Our ideas of a productive day might be different, but it’s undeniable that we, as a culture, love seeing results for our work. We like the politician who promises us they’ll get things done for us; projects and goals are only deemed successful if we achieve the end result; and we go to college so we can get a good paying job that will help us climb the corporate ladder. Nothing is wrong with these scenarios, but they’re all forms of our culture’s tendency to place a greater importance on “doing.”
“So, what do you do?”
When you meet someone for the first time, you might ask them, “So, what do you do?” We tend to identify someone by the things they do. We classify and place value on different occupations, salaries and outward talents and skills. Even our college education system has become more concerned with career goals than about the idea of what an educated person is.
Much of this mentality has to do with the American-grown philosophy of pragmatism. There is a large breadth to this philosophy, but I’m using it in the sense of practicality. To be pragmatic means that the practicality of ideas, policies and proposals is the only criteria of merit and is what makes a principle usable. I’m a practical person, and I know there’s nothing wrong with that, but pragmatism can’t be the only measurement of worth and value that we use.

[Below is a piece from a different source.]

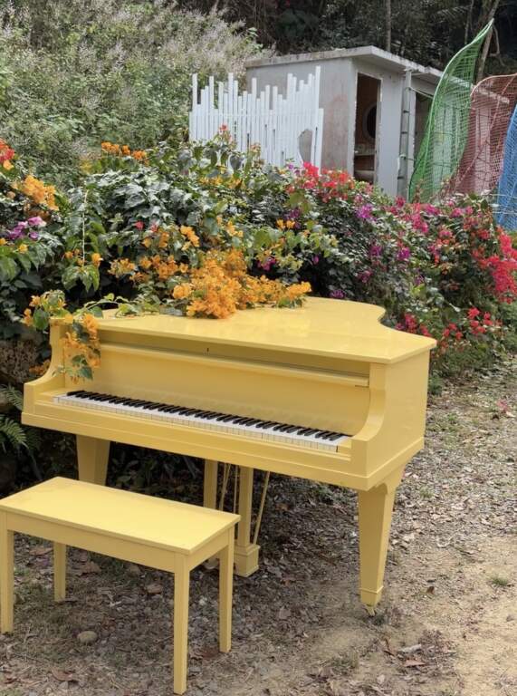 ▲由於廖墩均本業從事鋼琴維修,特別將部分外型典雅的鋼琴移置戶外展示,有的可供彈奏,有的作為裝置藝術,與花海相互襯托,沒有禁止觸摸的標語,讓遊客既能拍照,也能即興演奏,成為園區另一亮點。(圖/記者蘇彩娥攝)值得一提的是,園區內還設有全台少見的戶外大型白色平台鋼琴。由於廖墩均本業從事鋼琴維修,特別將部分外型典雅的鋼琴移置戶外展示,有的可供彈奏,有的作為裝置藝術,與花海相互襯托,沒有禁止觸摸的標語,讓遊客既能拍照,也能即興演奏,成為園區另一亮點。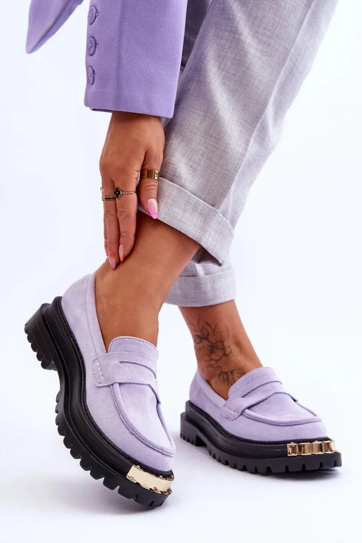 Klasyczne mokasyny zostały wykonane z ekologicznego zamszu. Na przodzie platformy posiadają ozdobne elementy. Osadzone na płaskim obcasie. Podeszwa z tworzywa sztucznego ze żłobieniami świetnie odizoluje od nierównego podłoża. Model wsuwany z usztywnianym zapiętkiem. Koniecznie powinnaś je mieć! Przy wyborze rozmiaru prosimy sugerować się tabelą rozmiarów.

In The Consequences of Ideas, R.C. Sproul tells a story about attending parents’ night at his daughter’s public school. The principal explained the school’s philosophy of education by detailing the daily schedule. He explained the educational purpose behind every activity, even assembling puzzles. When he asked if anyone had any questions, Sproul asked, “Why did you select the particular purposes you have chosen? What is the ultimate purpose you use to decide which particular purposes you select? In other words, what kind of child are you trying to produce and why?” Sproul sums it up like this, “There were purposes without purpose, truth without truth.”
What’s the purpose behind my doing?
Sproul’s question about his daughter’s education helps us ask ourselves, “What is behind all my ‘doing’?” All the activity, work, lists, all that has to get done must have a greater purpose. Jesus answers this well in Luke 10:38-42 when Martha “was distracted with much serving,” and Jesus tells her that her sister Mary “has chosen the good portion.” Martha was busy with “doing,” while Mary was content with “being.”

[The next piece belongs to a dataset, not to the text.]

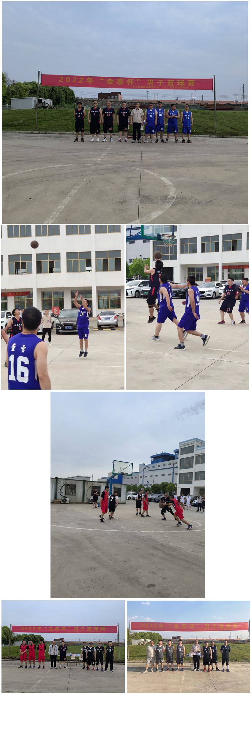 5月初夏,清逸的栀子花香飞舞。微热的阳光穿过云层,铺在了金泰篮球场上,燃起了运动员的比赛激情。 为了丰富员工业余生活,激发员工追求卓越的斗志,提高团队凝聚力,培养团队总结归纳、高效解决问题的习惯。党工团精心策划并组织了第二届“金泰杯”篮球赛。比赛消息一出,众队长迅速招兵买马,行政和生技部的同志们纷纷响应,迅速组成了6支风格迥异的参赛队伍,剑指冠军。 9日下午4点20,随着一声清脆的哨响,第二届“金泰杯”篮球赛正式拉开帷幕。6支参赛队伍在工作人员有条不紊的组织下,活力四射,蓄势待发;队员们个个为了荣誉而挥洒汗水,全力以赴。 小组赛里,各支队伍团结一致、努力拼搏,奉献了一场又一场篮球盛宴。中投、上篮、三分、抛投,层出不穷的得分手段,令观众眼花缭乱、为之喝彩。在经过15场激烈的小组赛角逐后,最终1队、2队、4队和5队分别脱颖而出,进入到更加紧张刺激的半决赛。 25日,万众瞩目的半决赛如期而至。4支队伍为了最后的决赛名额,开始捉对厮杀。半决赛第一场,5队开场后便接连得分,展现了柔和的投篮手感。1队也不甘示弱,频繁冲击篮下,咬住了比分。下半场开始后,1队开始了追分行动,内外结合,相继开花。两支队伍都展现了完美的竞技状态。终场前一分钟,全场最精彩的时刻到来,5队在落后5分的情况下,连续命中2个3分,反超1分。此时距离全场比赛结束仅剩2秒时间,压力完全来到了1队这里。关键时刻,1队队员在全场观众的注视下投出了三分球,篮球在空中划出美丽的弧线,应声落网,完成了2秒绝杀的神迹。 半决赛第二场,2队保持了小组赛头名的火热状态,篮下屡屡得手,气势如虹。4队没有被2队的攻势压住,齐心协力展开反击,将比赛的悬念留到了最后。最后,2队更胜一筹,携手1队进入最终决赛。 2022年“金泰杯”男子篮球赛的决战号角即将吹响,1队与2队一起步入战场的中央,准备为最后的荣耀而战。让我们一起期待决战的篇章,见证王者之队的诞生。

By “being,” I don’t mean our culture’s version, which stems more from New Age philosophies. Instead, I’m referring to who God has made us at our very core. He has made us for himself. Mary was keyed into this as she sat at Jesus’ feet. Mary cared more about the kind of person she wanted to be, rather than all the things she had to do. Like Sproul said, all of our purposes need a larger purpose. Mary knew that larger purpose.
SEE ALSO: Why There’s Nothing Wrong with Ambition
In a culture that places a greater emphasis on doing over being, it’s important that we value who we are becoming. All of our doing must flow out of our being in Christ. But we usually care more about the end than the means. The measure of our worth and value must not ultimately be about what we’ve accomplished, but about character, integrity, humility and growth in godliness. God cares about our final end, but he knows the only way we’ll get there is through his means of shaping and molding us into the likeness of Christ.

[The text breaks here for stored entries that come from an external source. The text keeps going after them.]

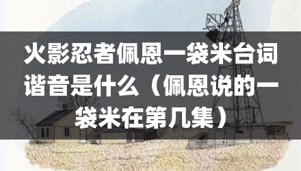 现在给大家讲讲火影忍者佩恩一袋米台词谐音是什么,以及佩恩说的一袋米在第几集对应的知识点,如果现在能碰巧解决你面临的问题,我也是很开心,希望对各位朋友有所帮助。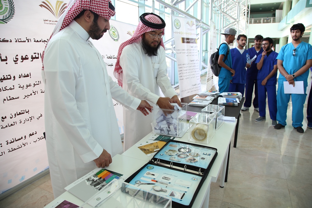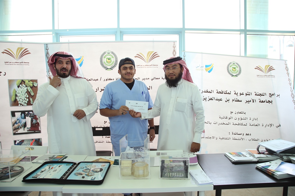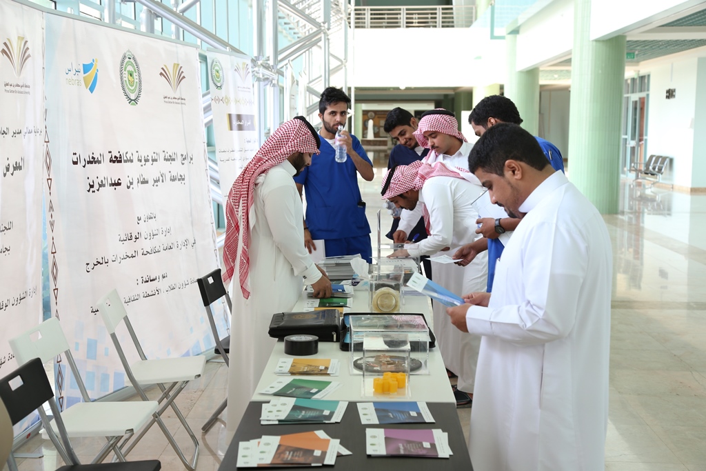 أقامت اللجنة التوعوية لمكافحة المخدرات بالجامعة وبمساندة عمادة شؤون الطلاب معرضاً توعوياً تثقيفياً بأضرار المخدرات في مبنى كليتي إدارة الأعمال والعلوم الطبية التطبيقية، وذلك صباح هذا اليوم الأربعاء الموافق 26-2-1439 هـ، وأقيم المعرض بمتابعة مباشرة من سعادة عميد شؤون الطلاب ورئيس اللجنة التوعوية لمكافحة المخدرات بالجامعة الدكتور/ ثلاب بن عبدالله الشكرة.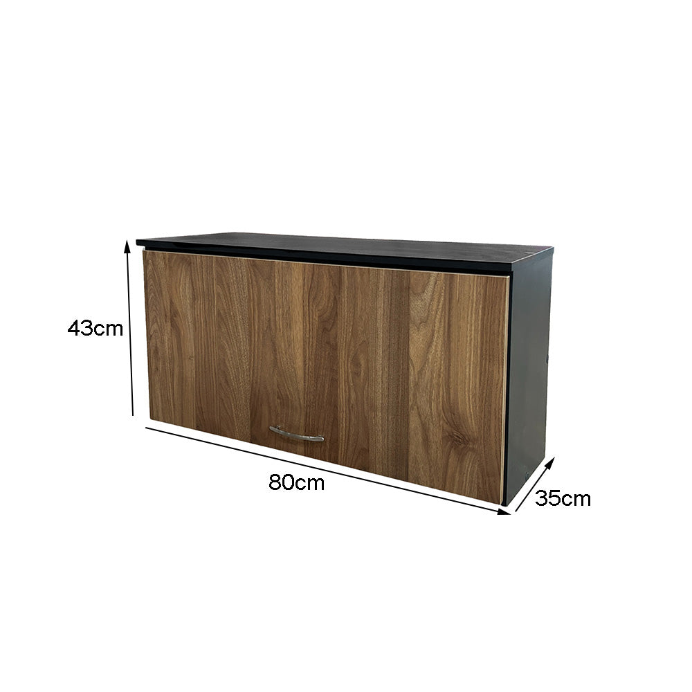 Armário Aéreo com medidas externas de A: 43cm x L: 80cm x P: 35cm.

The means of our work are of utmost importance to God, because it shows the true character of a person. For example, I love getting things done so much that sometimes I’ll get angry at my family if they get in the way, I’ll become anxious like Martha, or I’ll have bad attitudes along the way. I might get everything done, but I’ve shown who I really am in the process and have not glorified God in my work. God uses the means to show us our true selves and our need of him in order to make us who he wants us to be.
In her blog post titled, Doing Vs. Being, in the Huffington Post, Mary Pritchard says this: “Society praises those who do: It’s more about what you accomplish than who you are as a person.” Jesus’ response is, “What will it profit a man if he gains the whole world [accomplishes everything] and forfeits his soul?” (Matt. 16:26).
We can do all we want, even good things, but when we skip over our heart, soul and mind in the process, our actions become worthless. Our “doing” must come out of who we are in Christ. And when this is in place, we can say with the psalmist, “Let the favor of the Lord our God be upon us, and establish the work of our hands upon us; yes, establish the work of our hands” (Psa. 90:17).